--- WHAT THE TASK REQUIRES ---
Give back all of the data exactly as it appears here.

--- AVAILABLE DATA ---
- - - -

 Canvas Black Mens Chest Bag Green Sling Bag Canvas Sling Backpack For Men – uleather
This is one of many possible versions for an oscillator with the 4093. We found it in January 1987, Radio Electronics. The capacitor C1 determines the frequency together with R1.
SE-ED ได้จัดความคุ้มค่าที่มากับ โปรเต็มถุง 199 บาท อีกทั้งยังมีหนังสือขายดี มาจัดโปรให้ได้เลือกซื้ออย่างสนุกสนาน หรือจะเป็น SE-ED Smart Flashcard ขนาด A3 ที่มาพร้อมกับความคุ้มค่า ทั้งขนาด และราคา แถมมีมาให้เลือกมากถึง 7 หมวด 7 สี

- - - -

--- PROBLEM SOLUTION ---
 Canvas Black Mens Chest Bag Green Sling Bag Canvas Sling Backpack For Men – uleather
This is one of many possible versions for an oscillator with the 4093. We found it in January 1987, Radio Electronics. The capacitor C1 determines the frequency together with R1.
SE-ED ได้จัดความคุ้มค่าที่มากับ โปรเต็มถุง 199 บาท อีกทั้งยังมีหนังสือขายดี มาจัดโปรให้ได้เลือกซื้ออย่างสนุกสนาน หรือจะเป็น SE-ED Smart Flashcard ขนาด A3 ที่มาพร้อมกับความคุ้มค่า ทั้งขนาด และราคา แถมมีมาให้เลือกมากถึง 7 หมวด 7 สี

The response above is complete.